#### [YOUR INSTRUCTIONS]
Starting with the line with "This makes perfect" in the entries below and going on through the line with "Thierry Mugler Boutiques", output every line exactly and nothing more. No pictures.
╭─ DATA IN THIS EXERCISE
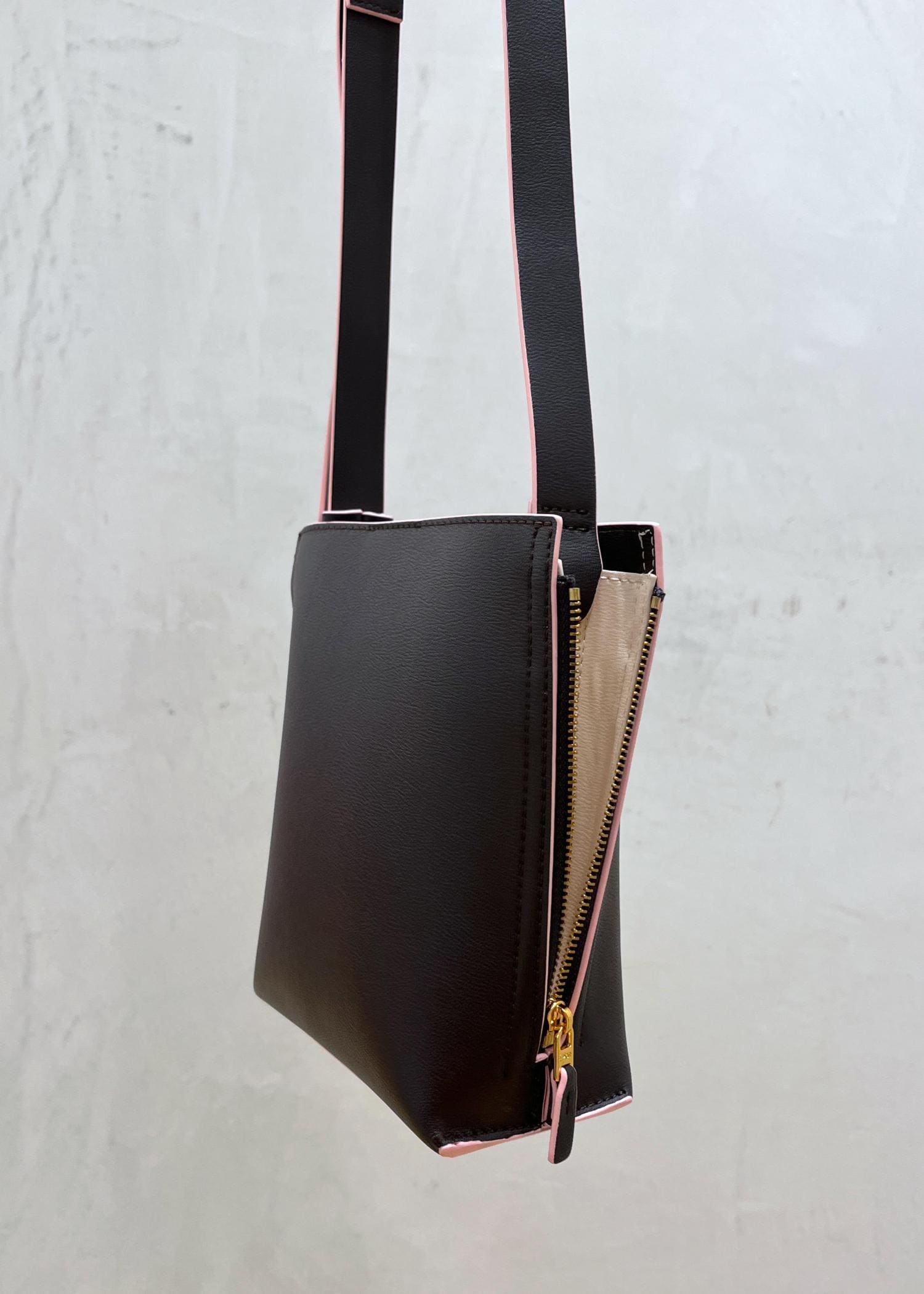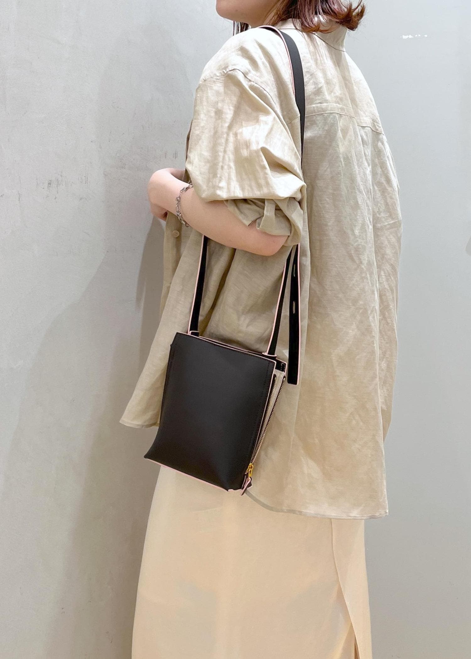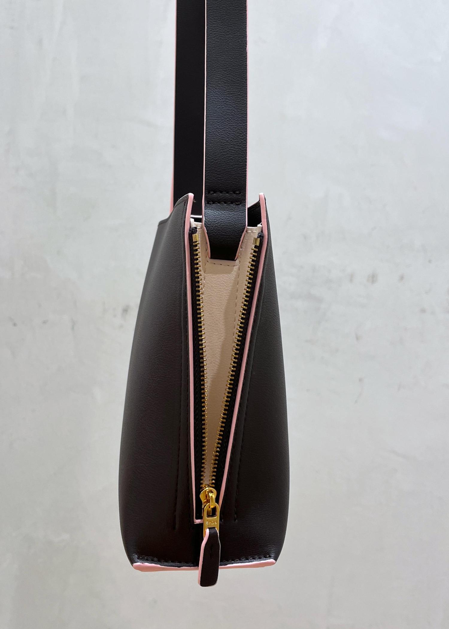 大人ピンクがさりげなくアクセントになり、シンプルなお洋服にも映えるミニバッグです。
╰─
╭─ DATA IN THIS EXERCISE
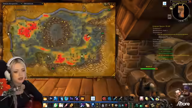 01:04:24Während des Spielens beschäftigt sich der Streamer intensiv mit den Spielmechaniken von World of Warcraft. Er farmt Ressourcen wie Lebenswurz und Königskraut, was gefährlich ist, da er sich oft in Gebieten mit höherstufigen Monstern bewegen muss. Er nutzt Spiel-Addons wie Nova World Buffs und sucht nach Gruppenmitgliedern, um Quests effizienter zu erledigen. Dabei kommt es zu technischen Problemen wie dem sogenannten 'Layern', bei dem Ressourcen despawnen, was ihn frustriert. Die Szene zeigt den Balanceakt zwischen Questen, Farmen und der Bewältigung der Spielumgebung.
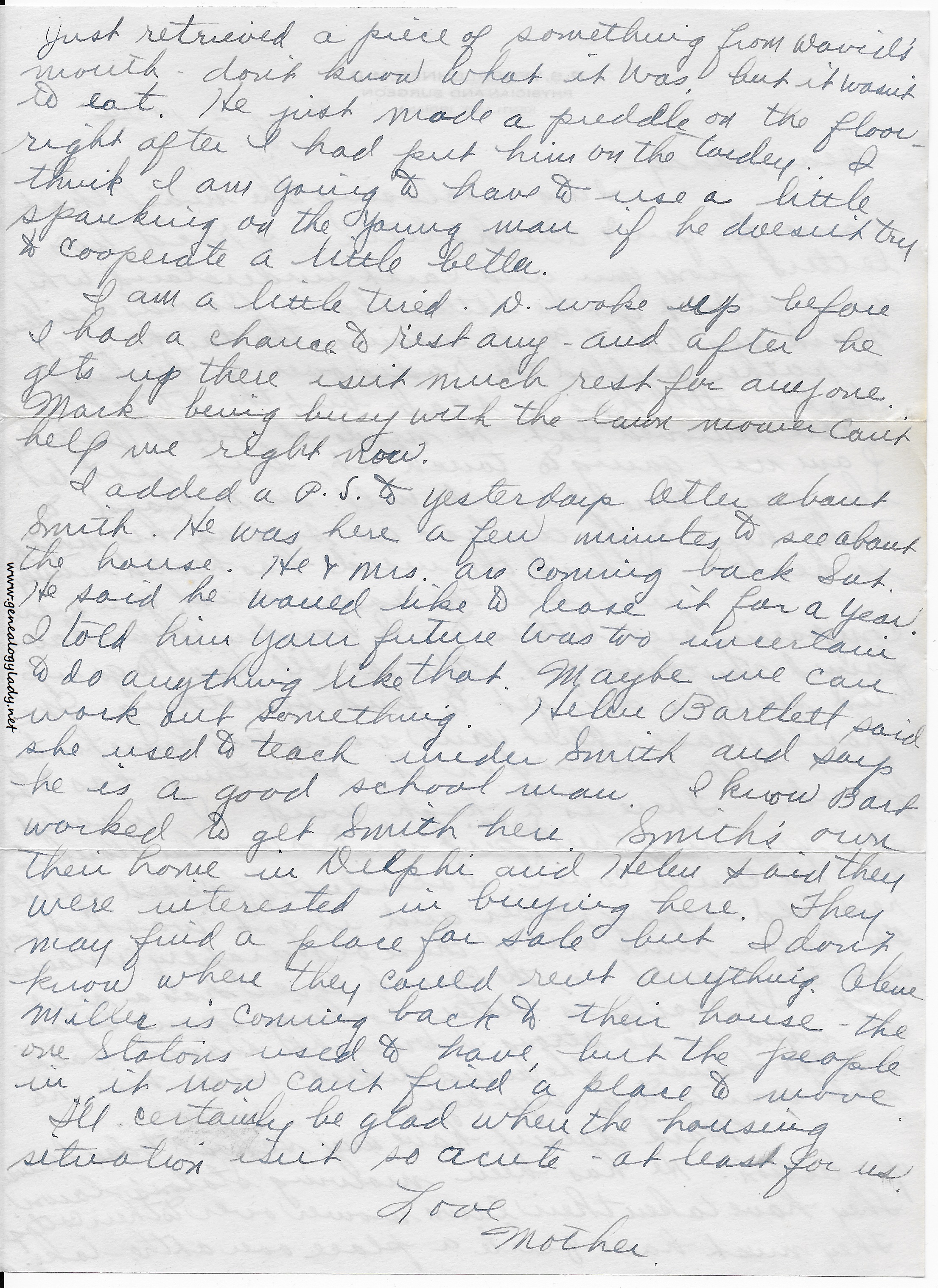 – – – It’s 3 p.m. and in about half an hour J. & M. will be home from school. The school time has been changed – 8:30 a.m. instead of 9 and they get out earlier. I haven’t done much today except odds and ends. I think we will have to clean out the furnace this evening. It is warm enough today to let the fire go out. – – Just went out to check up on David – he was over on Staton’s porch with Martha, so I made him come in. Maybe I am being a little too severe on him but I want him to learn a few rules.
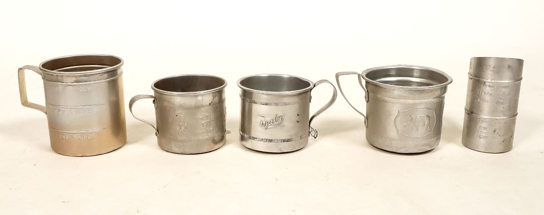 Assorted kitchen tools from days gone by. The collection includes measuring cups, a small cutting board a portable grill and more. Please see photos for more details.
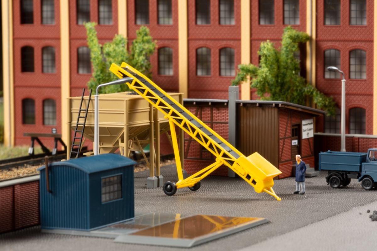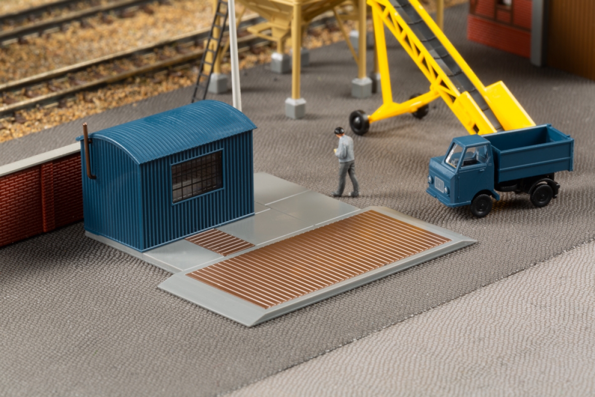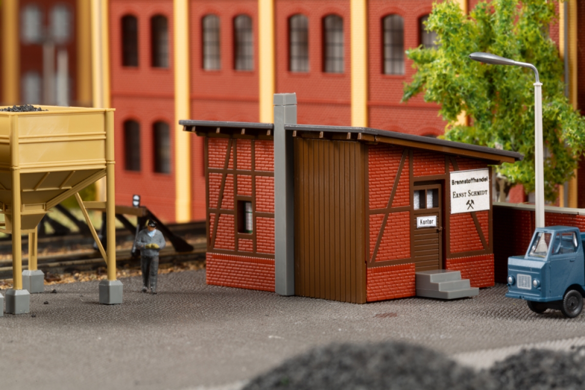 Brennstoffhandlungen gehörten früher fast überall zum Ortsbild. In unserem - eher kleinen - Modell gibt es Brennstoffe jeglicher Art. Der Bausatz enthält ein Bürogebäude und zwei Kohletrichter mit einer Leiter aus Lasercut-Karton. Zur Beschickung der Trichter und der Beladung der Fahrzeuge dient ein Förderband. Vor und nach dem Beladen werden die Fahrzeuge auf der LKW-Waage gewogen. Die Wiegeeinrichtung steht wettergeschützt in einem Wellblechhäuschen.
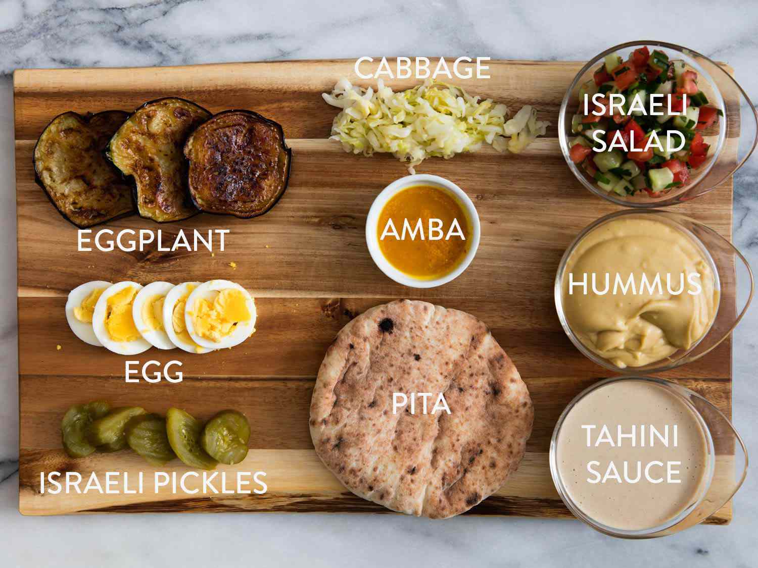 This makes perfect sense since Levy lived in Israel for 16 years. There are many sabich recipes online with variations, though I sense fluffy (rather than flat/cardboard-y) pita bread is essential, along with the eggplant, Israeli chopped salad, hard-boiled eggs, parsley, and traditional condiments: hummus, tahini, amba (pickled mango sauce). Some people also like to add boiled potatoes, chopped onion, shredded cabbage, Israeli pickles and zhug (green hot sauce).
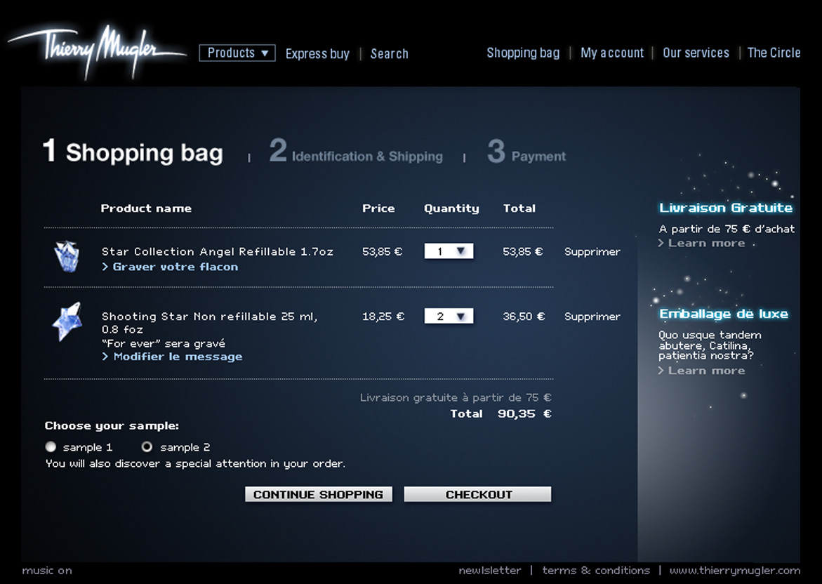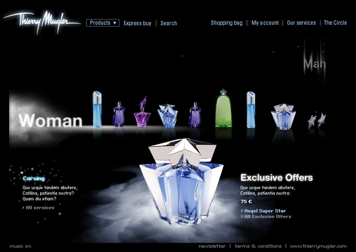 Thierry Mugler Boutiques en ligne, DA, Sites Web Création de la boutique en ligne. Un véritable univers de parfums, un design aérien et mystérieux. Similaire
╰─
#### [REPLY]
 This makes perfect sense since Levy lived in Israel for 16 years. There are many sabich recipes online with variations, though I sense fluffy (rather than flat/cardboard-y) pita bread is essential, along with the eggplant, Israeli chopped salad, hard-boiled eggs, parsley, and traditional condiments: hummus, tahini, amba (pickled mango sauce). Some people also like to add boiled potatoes, chopped onion, shredded cabbage, Israeli pickles and zhug (green hot sauce).
 Thierry Mugler Boutiques en ligne, DA, Sites Web Création de la boutique en ligne. Un véritable univers de parfums, un design aérien et mystérieux. Similaire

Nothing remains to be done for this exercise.